GREFFIER PRÉSENT AUX DÉBATS : Mme Sonia DE-SOUSA
COMPOSITION DE LA COUR :
PRÉSIDENT : M. CASTELLI, Président de Chambre
ASSESSEURS : Madame RODRIGUES,Conseillère
Mme CHOJNACKI, Conseillère
ARRÊT : Contradictoire
Rendu publiquement par mise à disposition de l’arrêt au greffe de la cour, les parties en ayant été préalablement avisées dans les conditions prévues au deuxième alinéa de l’article 450 du code de procédure civile ;
Signé par M. Pierre CASTELLI, Président de Chambre et par Mme Cindy NONDIER, Greffière à laquelle la minute de la décision a été remise par le magistrat signataire.
EXPOSE DU LITIGE
Par ordonnance du 28 mai 2024, le juge des référés du tribunal judiciaire de Metz a :
renvoyé les parties à se pourvoir au principal ainsi qu’elles aviseront, mais dès à présent
condamné à titre provisoire Mme [B] [Y] épouse [C] à supprimer toutes graines répandues sur ses tablettes de fenêtres et sur son balcon à compter de la signification de l’ordonnance sous peine d’une astreinte de 100 euros par jour de retard à compter de la signification de l’ordonnance ;
fait interdiction à titre provisoire à Mme [B] [Y] épouse [C] de répandre à nouveau des graines sur ses tablettes de fenêtres et sur son balcon sous peine d’une astreinte de 100 euros par infraction constatée à compter de la signification de l’ordonnance ;
condamné à titre provisoire Mme [B] [Y] épouse [C] à déplacer le nid de pigeons se trouvant sur son balcon en dehors de la copropriété, et ce sous astreinte de 100 euros par jour de retard à l’expiration d’un délai de quinze jours suivant la signification de la présente ordonnance ;
condamné Mme [B] [Y] épouse [C] à payer au syndicat des copropriétaires de la résidence « [Etablissement 2] » sise [Adresse 3] à [Localité 2], représenté par syndic le Groupe Dumur Immobilier, la somme de 7 436 euros à titre de provision à valoir sur la réparation de son préjudice ;
débouté Mme [B] [Y] épouse [C] de sa demande visant à voir le syndicat des copropriétaires de la résidence « [Etablissement 2] » sise [Adresse 3] à [Localité 3] [Adresse 4], représenté par son syndic le Groupe Dumur Immobilier, condamné à faire cesser le trouble résultant de la présence du caniveau au droit de ses fenêtres ;
condamné Mme [B] [Y] épouse [C] à payer au syndicat des copropriétaires de la résidence « [Etablissement 2] » sise [Adresse 3] à [Localité 2], représenté par syndic le Groupe Dumur Immobilier, la somme de 2 000 euros en application dispositions de l’article 700 du code de procédure civile ;
débouté les parties de toute autre demande ;
rappelé que cette ordonnance de référé est immédiatement exécutoire à titre provisoire sans constitution de garantie particulière, même en cas d’appel.

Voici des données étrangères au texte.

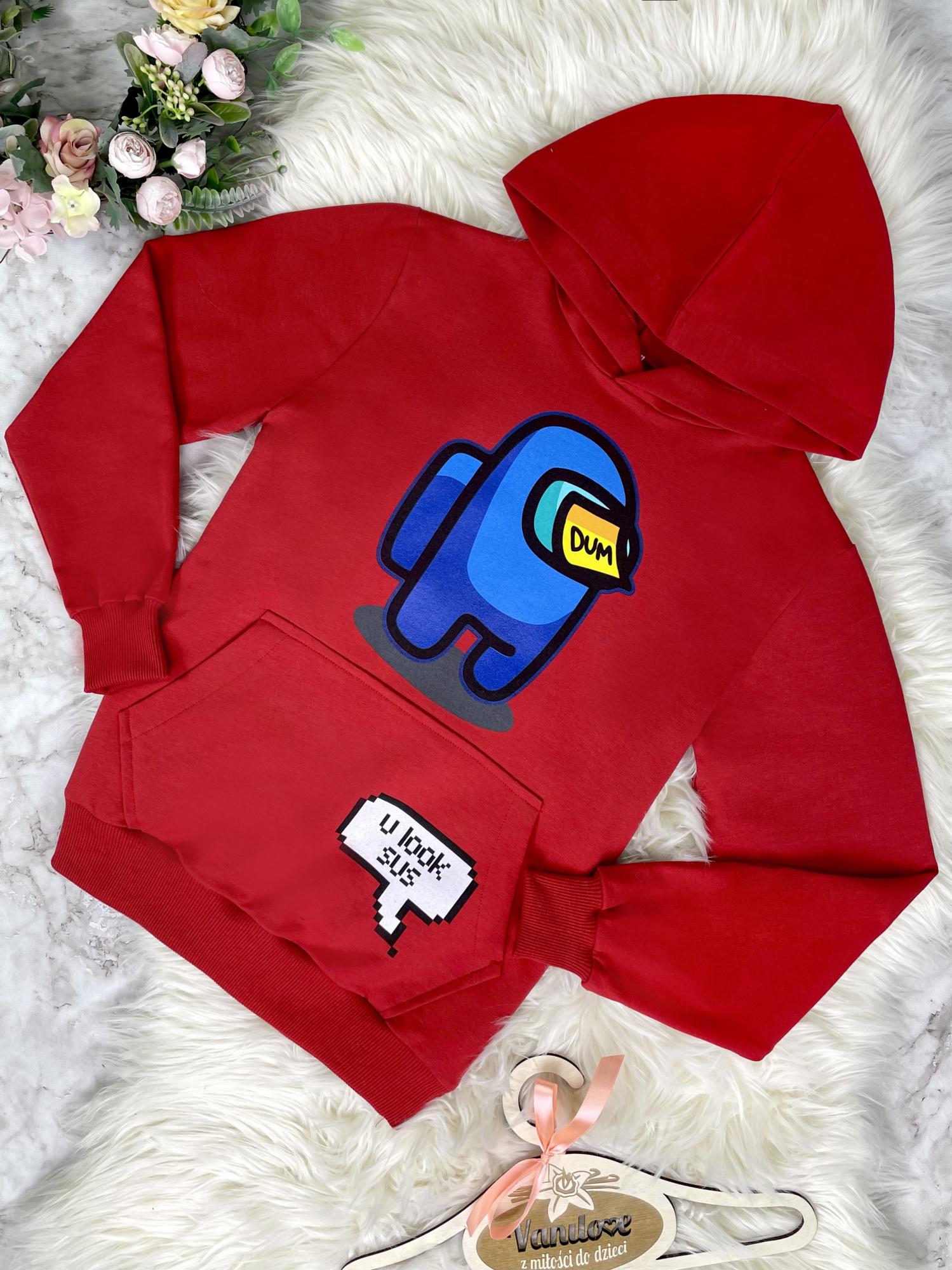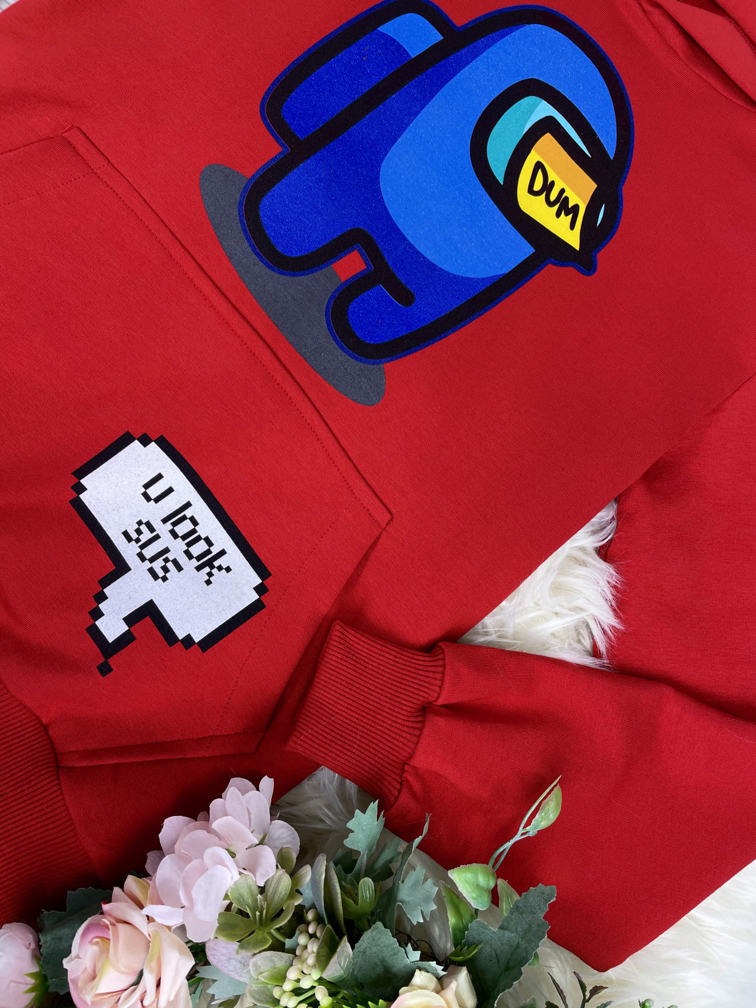 • z przodu bluza zdobiona kolorowymi nadrukami z gry Among Us

Par déclaration au greffe transmise le 10 juin 2024, Mme [B] [Y] épouse [C] a interjeté appel de cette ordonnance. Aux termes de cette déclaration, l’appel tend à l’infirmation de l’ordonnance de référé rendue le 28 mai 2024 en toutes ses dispositions.
Selon conclusions récapitulatives notifiées électroniquement le 30 septembre 2025 auxquelles il est expressément renvoyé pour plus ample exposé des prétentions et moyens en application de l’article 455 du code de procédure civile, Mme [B] [Y] épouse [C] sollicite de la cour de :
dire l’appel recevable et bien fondé,
En conséquence,
infirmer l’ordonnance en toutes ses dispositions,
Et statuant à nouveau,
Vu la contestation sérieuse,
se déclarer incompétent pour connaître des demandes du syndicat des copropriétaires de la résidence [Etablissement 2],
dire et juger irrecevables les demandes du syndicat des copropriétaires de la résidence [Etablissement 2],
En toute hypothèse,
débouter le syndicat des copropriétaires de la résidence [Etablissement 2] de l’ensemble de ses demandes, fins et conclusions
condamner le syndicat des copropriétaires de la résidence [Etablissement 2] aux entiers frais et dépens ainsi qu’au paiement d’une somme de 2 000 € au titre de l’article 700 du C.P.C.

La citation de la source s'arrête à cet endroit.